How have all the factors above been brought together to estimate a fair value?
  • The assumed bearish price target for EQT is SEK294.75, which represents the lowest price target estimate amongst analysts. This valuation is based on what can be assumed as the expectations of EQT's future earnings growth, profit margins and other risk factors from analysts on the more bearish end of the spectrum.
  • However, there is a degree of disagreement amongst analysts, with the most bullish reporting a price target of SEK411.5, and the most bearish reporting a price target of just SEK294.75.
  • In order for you to agree with the bearish analysts, you'd need to believe that by 2028, revenues will be €3.7 billion, earnings will come to €1.7 billion, and it would be trading on a PE ratio of 21.5x, assuming you use a discount rate of 6.2%.
  • Given the current share price of SEK338.8, the bearish analyst price target of SEK294.75 is 14.9% lower.

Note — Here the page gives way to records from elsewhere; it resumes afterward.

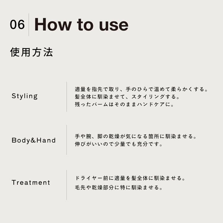 ・Body&Hand 手や腕、脚の乾燥が気になる箇所に馴染ませる。 伸びがいいので少量でも充分です。 ・Treatment ドライヤー前に適量を髪全体に馴染ませる。 毛先や乾燥部分に特に馴染ませる。
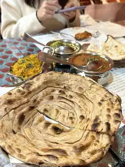 The naan bread is incredibly soft and chewy, and paired with the spinach, chicken, or lamb curry, it's both delicious.
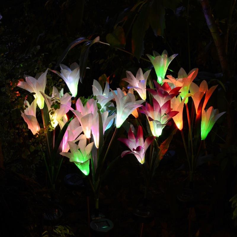 Lily shaped stake light with 7 color-changing. Perfect as path lights and in-ground lights.

Despite analysts expecting the underlying buisness to improve, they seem to believe the market's expectations are too high.
  • We always encourage you to reach your own conclusions though. So sense check these analyst numbers against your own assumptions and expectations based on your understanding of the business and what you believe is probable.

How well do narratives help inform your perspective?

Disclaimer

AnalystLowTarget is a tool utilizing a Large Language Model (LLM) that ingests data on consensus price targets, forecasted revenue and earnings figures, as well as the transcripts of earnings calls to produce qualitative analysis. The narratives produced by AnalystLowTarget are general in nature and are based solely on analyst data and publicly-available material published by the respective companies. These scenarios are not indicative of the company's future performance and are exploratory in nature. Simply Wall St has no position in the company(s) mentioned. Simply Wall St may provide the securities issuer or related entities with website advertising services for a fee, on an arm's length basis. These relationships have no impact on the way we conduct our business, the content we host, or how our content is served to users. The price targets and estimates used are consensus data, and do not constitute a recommendation to buy or sell any stock, and they do not take account of your objectives, or your financial situation. Note that AnalystLowTarget's analysis may not factor in the latest price-sensitive company announcements or qualitative material.